RECORDS TO PROCESS
*****

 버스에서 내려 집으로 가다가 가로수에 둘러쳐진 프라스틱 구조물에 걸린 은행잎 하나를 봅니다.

*****

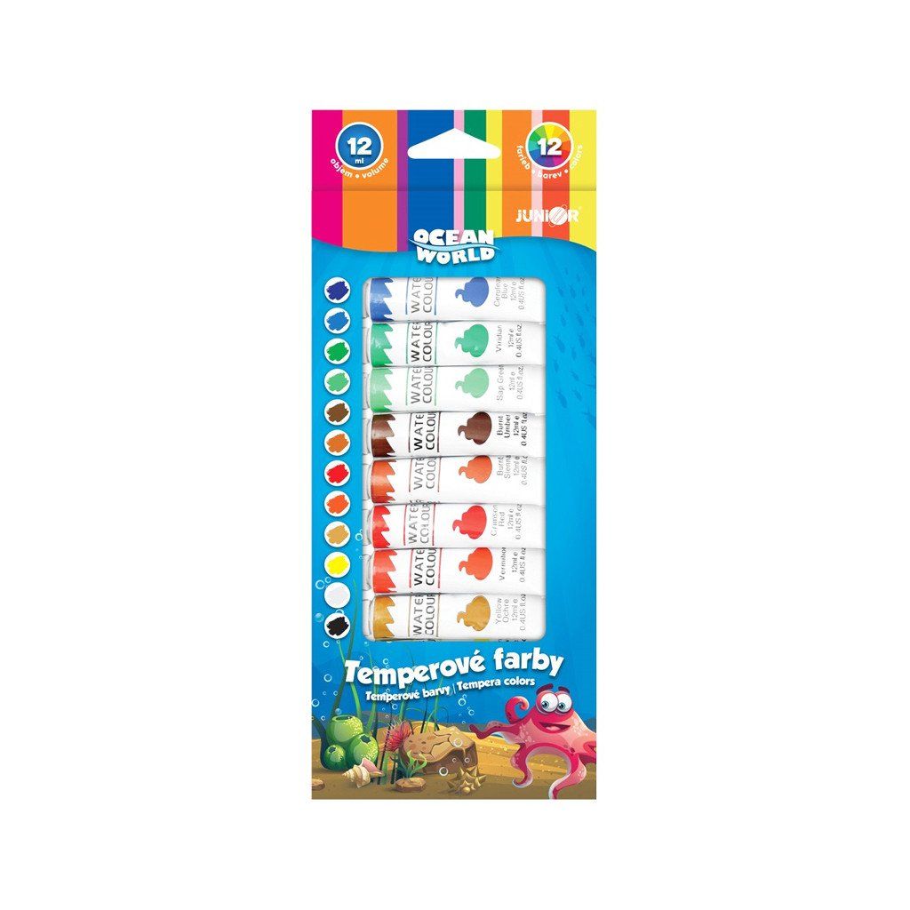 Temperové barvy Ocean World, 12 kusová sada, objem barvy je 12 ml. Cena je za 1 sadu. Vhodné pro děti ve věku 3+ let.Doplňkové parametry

*****

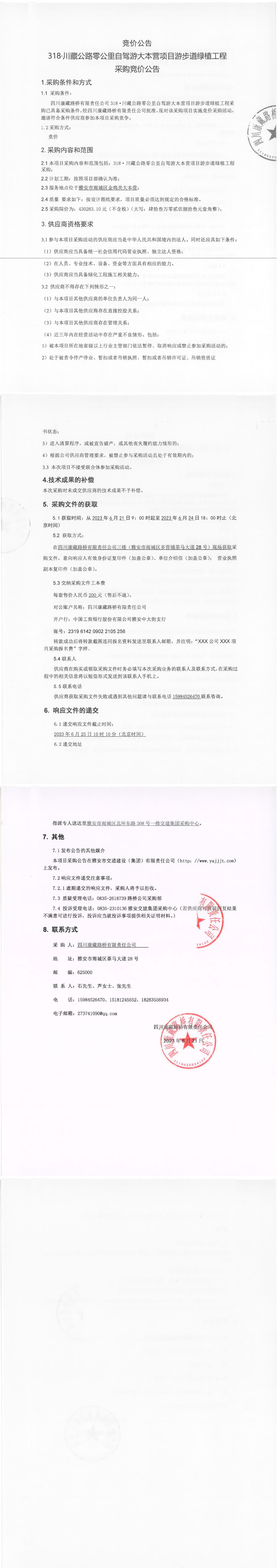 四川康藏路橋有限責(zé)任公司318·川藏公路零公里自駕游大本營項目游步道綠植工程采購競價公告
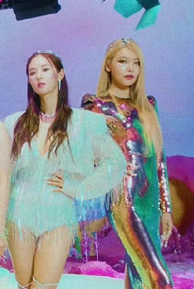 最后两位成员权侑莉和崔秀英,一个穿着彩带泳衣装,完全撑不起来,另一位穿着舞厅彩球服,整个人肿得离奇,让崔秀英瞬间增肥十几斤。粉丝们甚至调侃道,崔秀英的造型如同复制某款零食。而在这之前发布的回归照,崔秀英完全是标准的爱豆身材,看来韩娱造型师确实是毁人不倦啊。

*****

Above are some entries; copy exactly the lines from the line with "四川康藏路橋有限責(zé)任" through the line with "最后两位成员权侑莉和崔秀英,一个穿着彩带", both included, but none of the pictures.

 四川康藏路橋有限責(zé)任公司318·川藏公路零公里自駕游大本營項目游步道綠植工程采購競價公告
 最后两位成员权侑莉和崔秀英,一个穿着彩带泳衣装,完全撑不起来,另一位穿着舞厅彩球服,整个人肿得离奇,让崔秀英瞬间增肥十几斤。粉丝们甚至调侃道,崔秀英的造型如同复制某款零食。而在这之前发布的回归照,崔秀英完全是标准的爱豆身材,看来韩娱造型师确实是毁人不倦啊。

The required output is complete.